Restate word for word all of the lines below, with each image left out.

▶ **EXERCISE DATA**:
===============

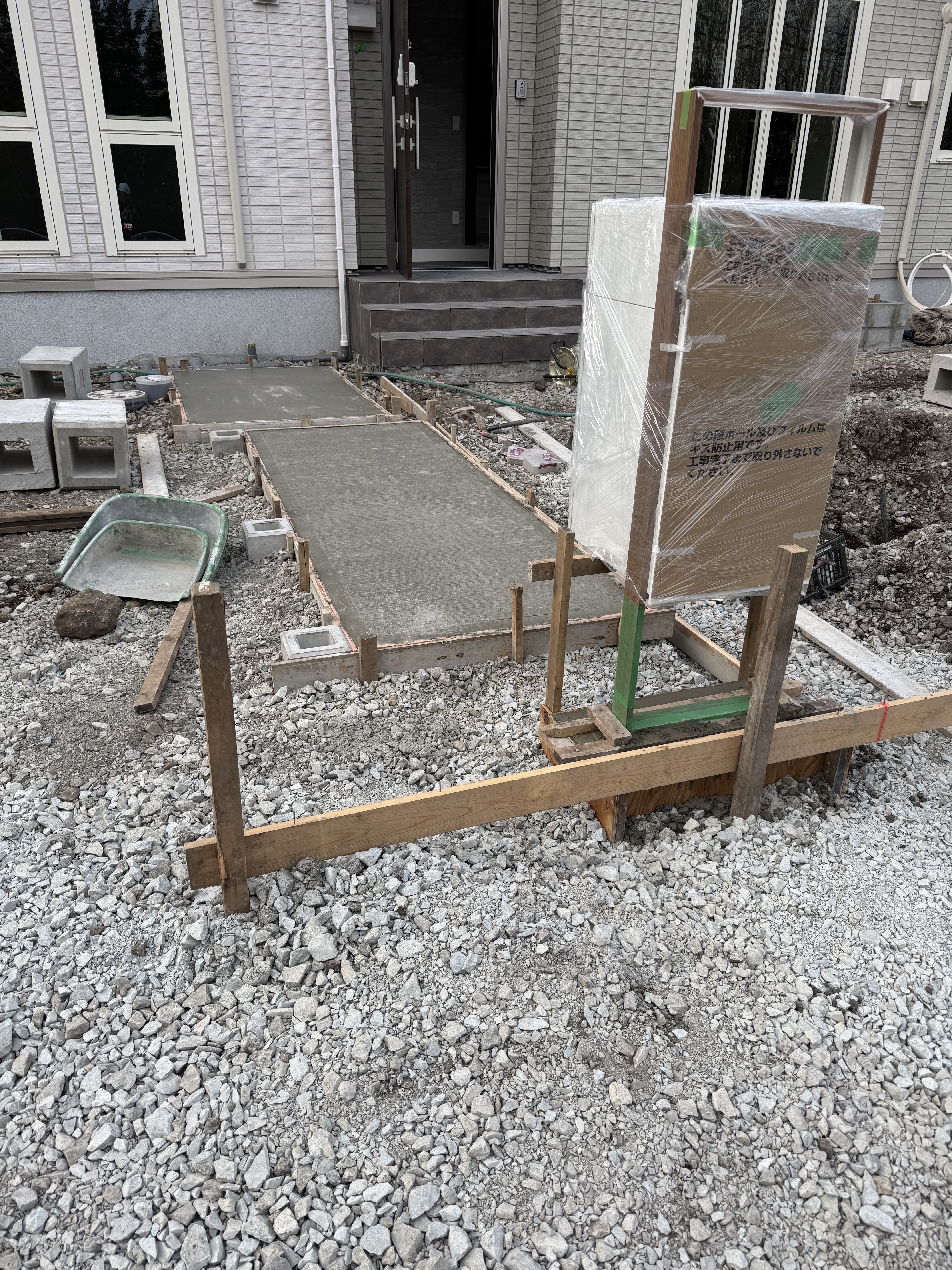 7時から18時20分、DHS様邸、丁張り掛け、生コン打設、1.5m3プラス0.4m3、掘削、残土運搬4台、束石大布設、アプローチの型枠組み立て、
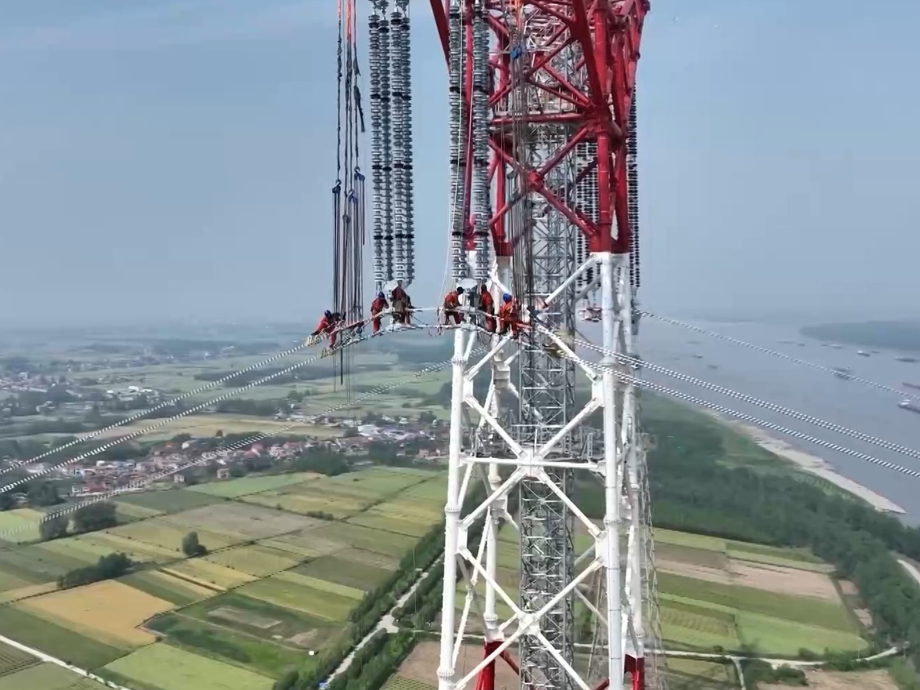 此次跨越工程北岸起自湖北洪湖市龙口镇,南岸止于湖北嘉鱼县鱼岳镇。施工人员将8根导线和2根地线从北岸的铁塔牵引到南岸的铁塔,两座铁塔高229.2米,相当于70层楼高,两岸跨距达到1800米。为最大限度减少施工对长江航运的影响,施工单位创新施工方法,提高施工效率,使用载重3000吨的牵引船牵引导线,实现两岸铁塔成功“牵手”。
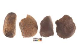 | Description / विवरण | There are n 4 utilized flakes. There are multi directional irregular scar pattern on both dorsal and ventral face of the flakes. two are blunted at one end and two are sharp edges. |

===============

▶ **OUTPUT OF THE TASK**:
 7時から18時20分、DHS様邸、丁張り掛け、生コン打設、1.5m3プラス0.4m3、掘削、残土運搬4台、束石大布設、アプローチの型枠組み立て、
 此次跨越工程北岸起自湖北洪湖市龙口镇,南岸止于湖北嘉鱼县鱼岳镇。施工人员将8根导线和2根地线从北岸的铁塔牵引到南岸的铁塔,两座铁塔高229.2米,相当于70层楼高,两岸跨距达到1800米。为最大限度减少施工对长江航运的影响,施工单位创新施工方法,提高施工效率,使用载重3000吨的牵引船牵引导线,实现两岸铁塔成功“牵手”。
 | Description / विवरण | There are n 4 utilized flakes. There are multi directional irregular scar pattern on both dorsal and ventral face of the flakes. two are blunted at one end and two are sharp edges. |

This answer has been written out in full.